5. Craigslist (classified)
This can range from casual breeders advertising puppies for sale, to rescues advertising adoptable dogs, to accidental litters “free to a good home,” to adult dogs that need to be rehomed for some reason. The potential adopter has a lot of responsibility to investigate the circumstances from which the dogs are coming.
Advantages: Lots of choices, and the ability to look at many dogs from the comfort of your own home.
Disadvantages: You’ll have to do your own research and work to avoid potential scams. While a history may be available on the dog, sometimes owners aren’t completely honest or forthcoming.
6. Pet store
Many pet stores do not sell dogs, but do allow shelters and rescues to bring adoptable dogs to adoption events at the pet store.
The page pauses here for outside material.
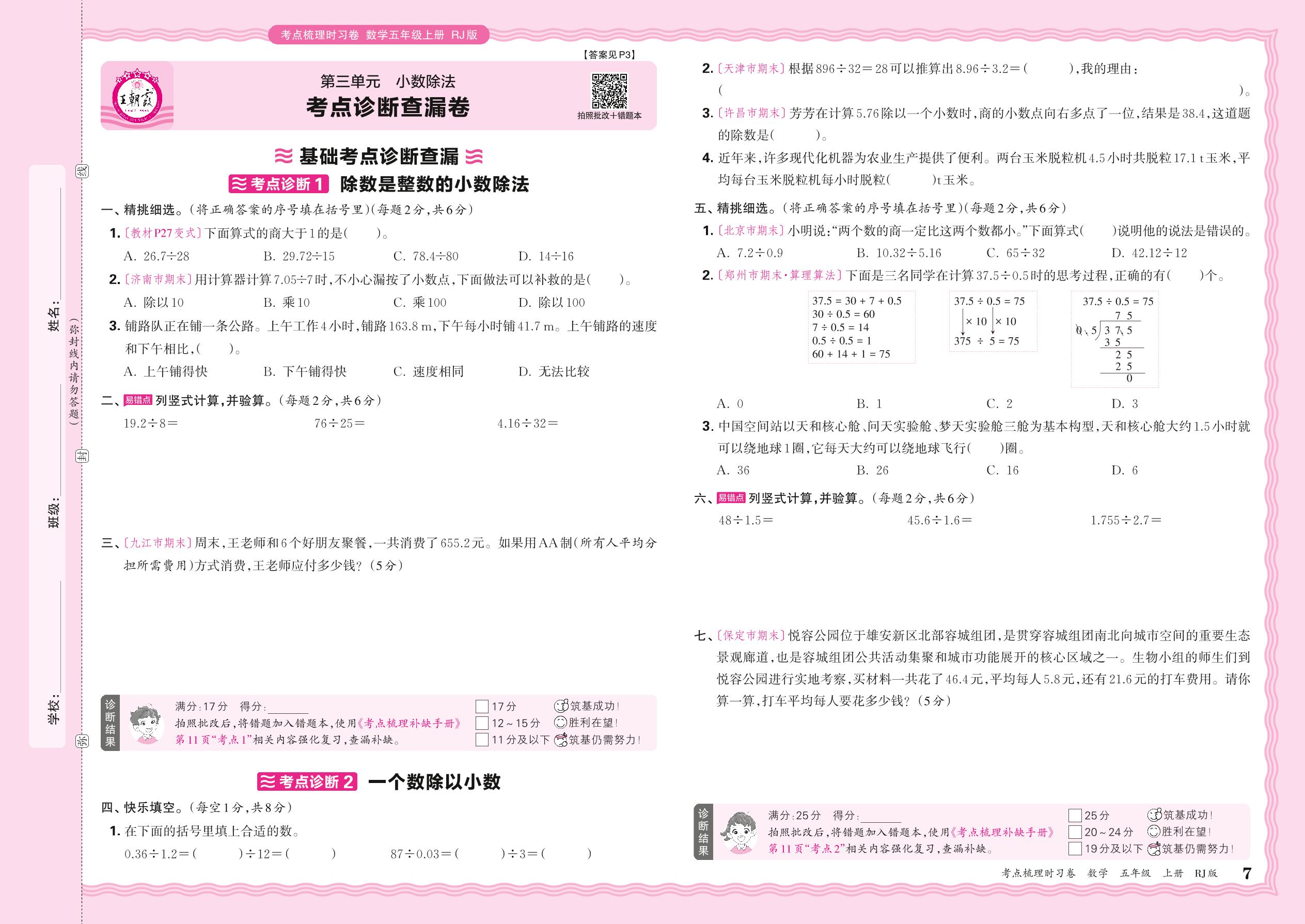 2024秋上册五年级数学人教版 第三单元 考点诊断查漏卷

The store is available as a space, but the shelter or rescue has their own adoption contracts, requirements, and receives any adoption fees paid. However, some pet stores still sell pure breed, mixed, or “designer breed” puppies, and these are almost exclusively from puppy mills. We are talking about the latter right now.
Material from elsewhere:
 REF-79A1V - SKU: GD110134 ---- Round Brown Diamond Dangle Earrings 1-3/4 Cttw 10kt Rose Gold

Advantages: Immediate access to pets if you are buying directly from a store. So many cute puppies.
Disadvantages: Practically, pet store puppies are notorious for having health problems. Behaviorally, puppies are removed from their mother and litter before 8 weeks old, and are often housed and transported in ways that have been shown to encourage the development of behavioral issues. Typically, these puppies are off to a bad start any way you look at it. More broadly, you are perpetuating a horrific system. (If you aren’t familiar with the puppy mills/pet stores issue, Google it.)
Breeders range from people who casually breed 2 dogs of untested health and temperament, to people who have extensive knowledge of dog genetics, temperament, and the skills needed to promote healthy behavior in a litter of puppies. Breeders are discussed in more detail here.
Advantages: You can have a dog that looks exactly the way you like. Depending on the breeder, you could have extensive history of the dog, which can help predict health problems. Ideally, you should be able to meet both of a dog’s parents and assess their temperament. A good breeder will offer a health guarantee, assistance training the dog, and information about the breed and its suitability for your lifestyle. Some people like designer dogs, like the labradoodle, because these breeds purport to have the strengths of both breeds and none of the weaknesses.
Disadvantages: Unskilled or dishonest breeders can con people into spending a lot of money on a pure breed puppy or dog that later develops health problems or behavioral issues as a result of genetics or an unhealthy environment in early puppyhood. Poor breeding can result in dogs which do not match the breed standard in critical ways; for instance, herding breeds which do not have the stamina, temperament, or mental ability to learn to herd. Also, there are a lot of dogs that need homes already; by having one “created” for you, you are missing an opportunity to help some perfectly awesome dogs.
So, now that you have learned these ways of getting a dog, you should decide which one is best for you. Except for pet stores, because you are not an evil, foolish person.